* [Task material]

=== Begin Enclosure ===

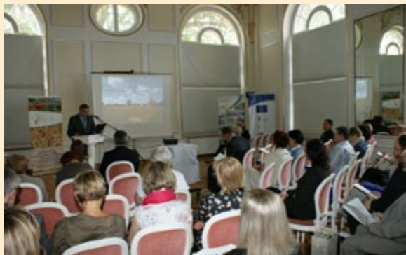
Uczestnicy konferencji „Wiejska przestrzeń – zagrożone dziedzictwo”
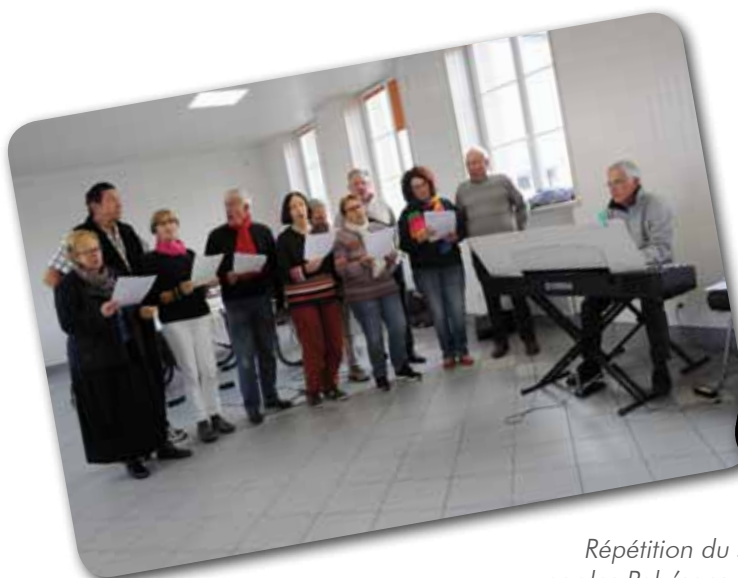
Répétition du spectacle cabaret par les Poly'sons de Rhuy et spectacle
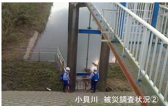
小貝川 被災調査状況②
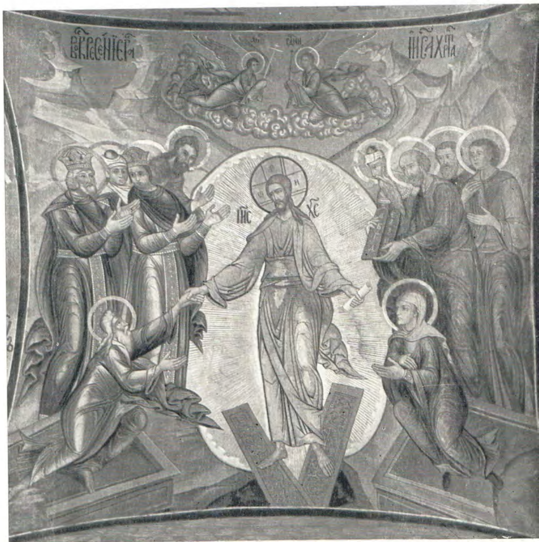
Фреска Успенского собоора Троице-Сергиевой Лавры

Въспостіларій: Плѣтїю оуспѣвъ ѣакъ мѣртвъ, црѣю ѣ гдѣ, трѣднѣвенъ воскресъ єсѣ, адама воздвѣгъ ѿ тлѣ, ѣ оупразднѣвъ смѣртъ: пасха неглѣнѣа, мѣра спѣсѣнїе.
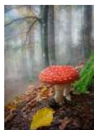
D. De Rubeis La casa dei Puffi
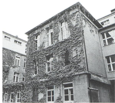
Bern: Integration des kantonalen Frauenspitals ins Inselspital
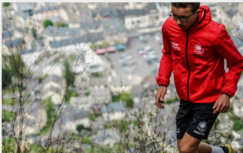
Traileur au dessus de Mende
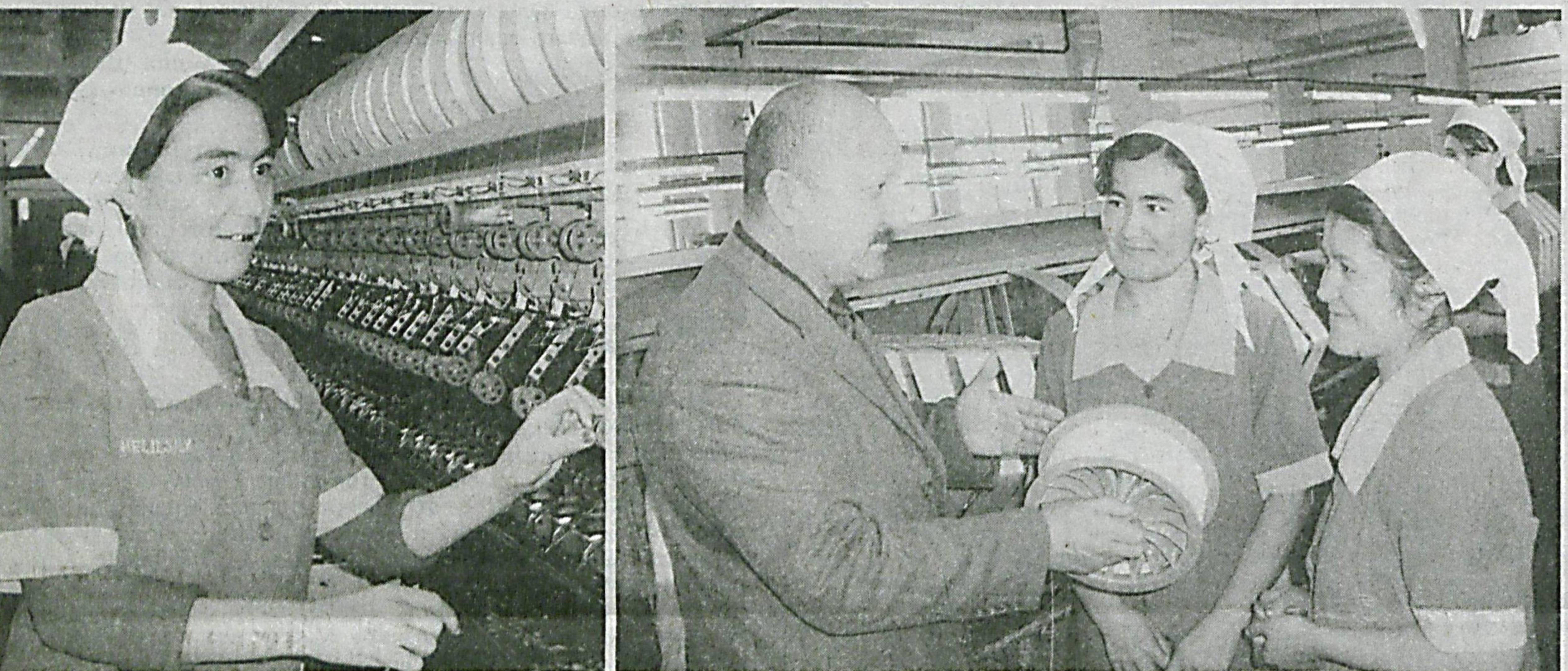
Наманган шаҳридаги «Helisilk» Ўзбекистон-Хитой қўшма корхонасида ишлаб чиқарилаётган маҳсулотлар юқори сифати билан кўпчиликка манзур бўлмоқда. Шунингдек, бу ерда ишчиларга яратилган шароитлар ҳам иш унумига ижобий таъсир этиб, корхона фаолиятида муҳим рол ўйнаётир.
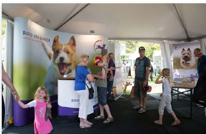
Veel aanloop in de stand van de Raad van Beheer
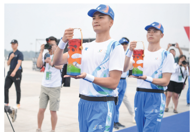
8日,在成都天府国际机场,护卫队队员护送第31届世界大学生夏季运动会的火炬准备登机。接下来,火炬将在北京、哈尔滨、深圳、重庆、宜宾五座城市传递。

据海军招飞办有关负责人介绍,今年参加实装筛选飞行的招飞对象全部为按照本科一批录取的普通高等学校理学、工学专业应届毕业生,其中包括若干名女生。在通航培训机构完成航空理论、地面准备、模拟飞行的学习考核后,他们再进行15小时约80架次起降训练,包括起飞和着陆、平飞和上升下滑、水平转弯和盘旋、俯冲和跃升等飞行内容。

=== End Enclosure ===
=== Begin Enclosure ===

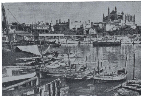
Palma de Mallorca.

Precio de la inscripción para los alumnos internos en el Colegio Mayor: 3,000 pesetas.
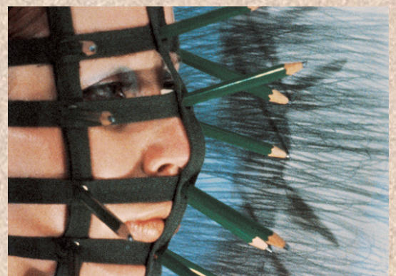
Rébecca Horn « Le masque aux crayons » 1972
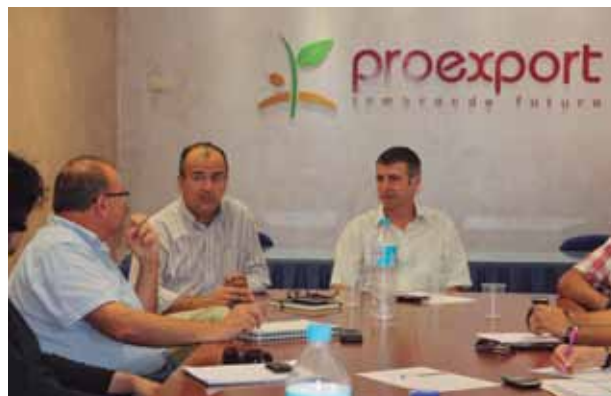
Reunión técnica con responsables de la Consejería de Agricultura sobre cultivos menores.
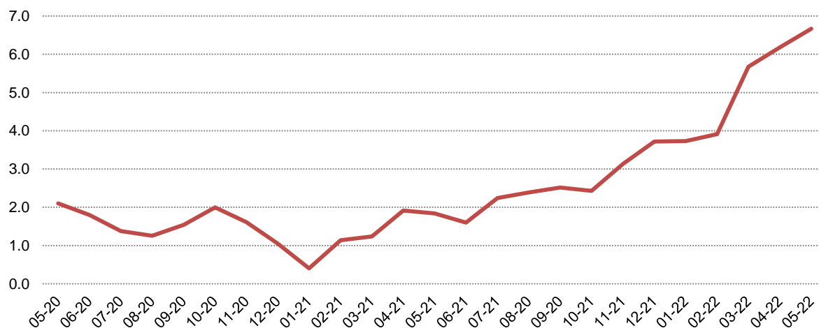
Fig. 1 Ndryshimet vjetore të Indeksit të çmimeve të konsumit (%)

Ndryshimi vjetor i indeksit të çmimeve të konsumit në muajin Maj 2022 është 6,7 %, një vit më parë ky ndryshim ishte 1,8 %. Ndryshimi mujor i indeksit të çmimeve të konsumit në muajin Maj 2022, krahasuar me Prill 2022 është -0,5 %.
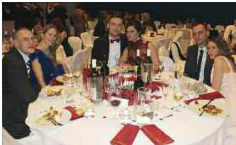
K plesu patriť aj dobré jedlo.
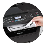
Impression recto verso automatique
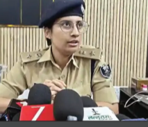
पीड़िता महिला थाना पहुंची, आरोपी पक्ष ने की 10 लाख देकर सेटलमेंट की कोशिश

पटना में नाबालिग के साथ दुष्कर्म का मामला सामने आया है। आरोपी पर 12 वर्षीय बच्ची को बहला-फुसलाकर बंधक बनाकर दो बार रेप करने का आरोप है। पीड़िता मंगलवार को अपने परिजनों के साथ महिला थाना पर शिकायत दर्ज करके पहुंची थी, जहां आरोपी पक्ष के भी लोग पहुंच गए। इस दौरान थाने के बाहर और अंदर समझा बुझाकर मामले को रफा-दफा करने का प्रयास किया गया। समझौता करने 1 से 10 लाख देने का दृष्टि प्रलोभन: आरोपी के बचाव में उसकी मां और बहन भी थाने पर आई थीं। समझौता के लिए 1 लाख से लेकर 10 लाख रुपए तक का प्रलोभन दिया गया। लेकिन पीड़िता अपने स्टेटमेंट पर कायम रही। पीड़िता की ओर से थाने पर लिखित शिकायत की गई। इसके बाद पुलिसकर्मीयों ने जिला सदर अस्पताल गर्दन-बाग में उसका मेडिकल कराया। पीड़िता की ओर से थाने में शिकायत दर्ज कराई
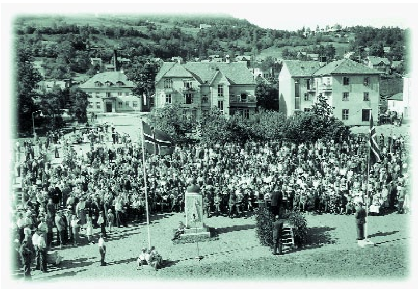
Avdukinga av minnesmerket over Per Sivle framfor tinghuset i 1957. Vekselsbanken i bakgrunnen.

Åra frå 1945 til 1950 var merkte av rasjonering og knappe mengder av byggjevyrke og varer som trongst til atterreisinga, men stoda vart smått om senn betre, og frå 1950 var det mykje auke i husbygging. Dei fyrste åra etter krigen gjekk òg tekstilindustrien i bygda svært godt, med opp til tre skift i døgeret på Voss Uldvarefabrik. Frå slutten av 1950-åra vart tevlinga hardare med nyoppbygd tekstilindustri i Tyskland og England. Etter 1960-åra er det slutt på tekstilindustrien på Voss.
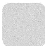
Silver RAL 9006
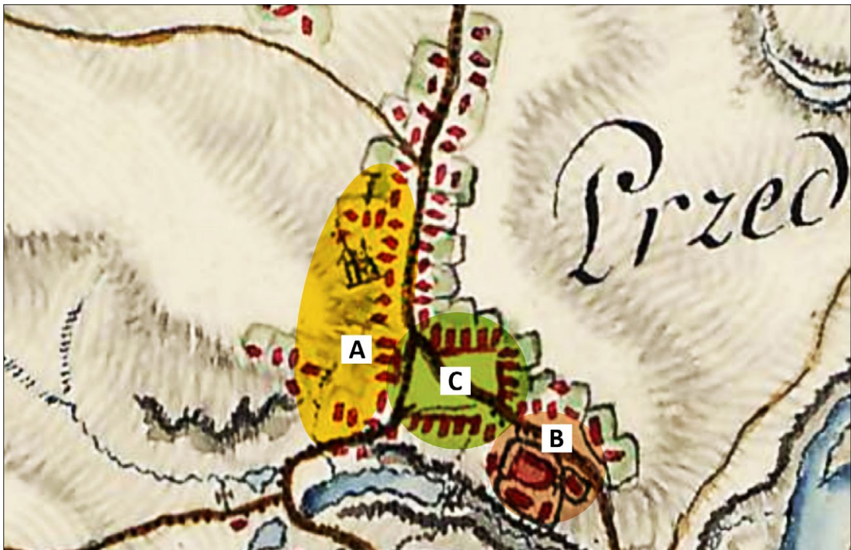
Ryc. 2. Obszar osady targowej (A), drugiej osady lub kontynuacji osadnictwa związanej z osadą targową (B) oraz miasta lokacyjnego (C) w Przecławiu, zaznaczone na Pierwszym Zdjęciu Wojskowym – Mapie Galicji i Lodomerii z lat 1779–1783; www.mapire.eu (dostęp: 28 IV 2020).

=== End Enclosure ===
=== Begin Enclosure ===

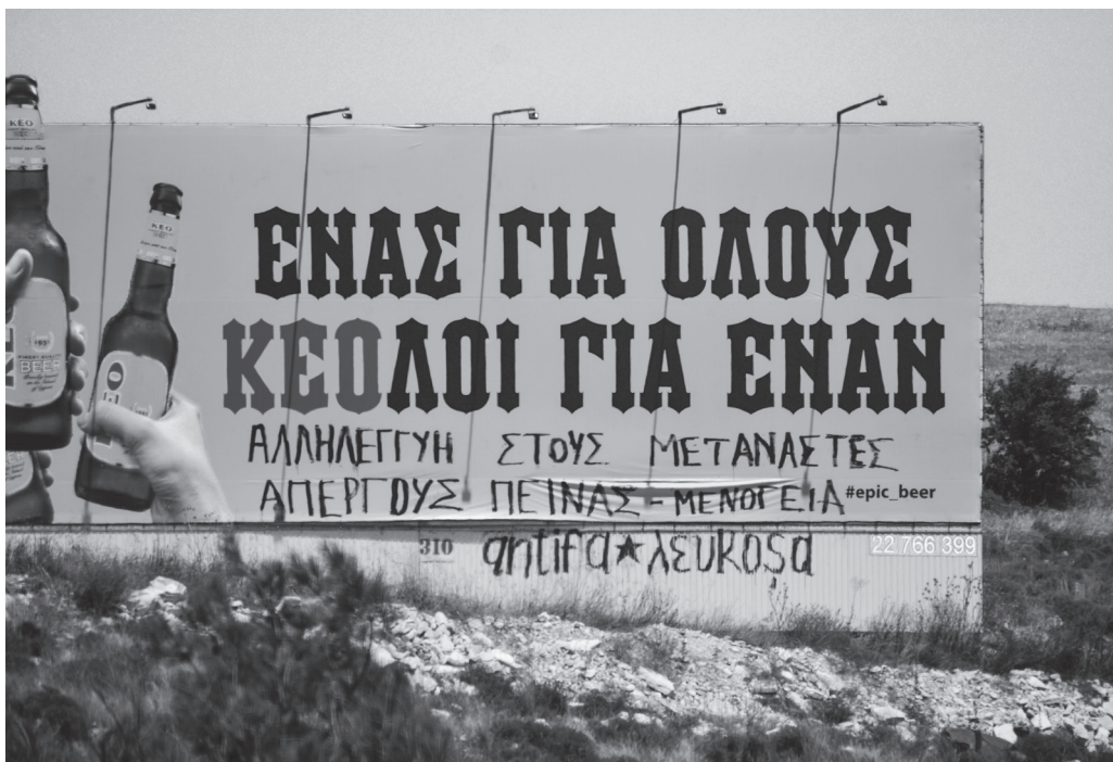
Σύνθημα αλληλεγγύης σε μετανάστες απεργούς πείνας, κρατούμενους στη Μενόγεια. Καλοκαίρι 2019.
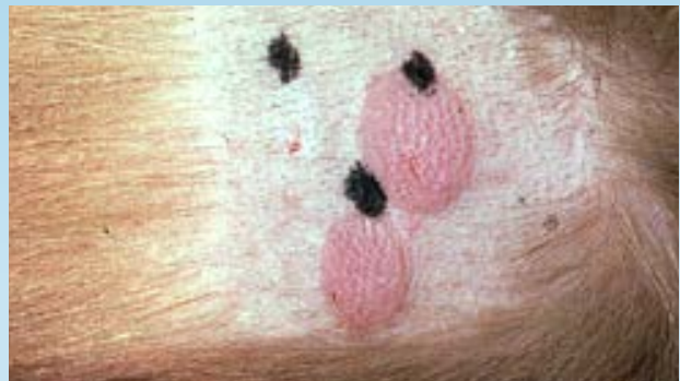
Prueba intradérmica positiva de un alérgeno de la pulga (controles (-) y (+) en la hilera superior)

=== End Enclosure ===

* [Instructions to follow] Reproduce the data above exactly, but only from the line containing "Uczestnicy konferencji „Wiejska" through the line containing "Traileur au dessus de Mende"; skip the pictures.

* [Expected answer]
Uczestnicy konferencji „Wiejska przestrzeń – zagrożone dziedzictwo”
Répétition du spectacle cabaret par les Poly'sons de Rhuy et spectacle
小貝川 被災調査状況②
Фреска Успенского собоора Троице-Сергиевой Лавры

Въспостіларій: Плѣтїю оуспѣвъ ѣакъ мѣртвъ, црѣю ѣ гдѣ, трѣднѣвенъ воскресъ єсѣ, адама воздвѣгъ ѿ тлѣ, ѣ оупразднѣвъ смѣртъ: пасха неглѣнѣа, мѣра спѣсѣнїе.
D. De Rubeis La casa dei Puffi
Bern: Integration des kantonalen Frauenspitals ins Inselspital
Traileur au dessus de Mende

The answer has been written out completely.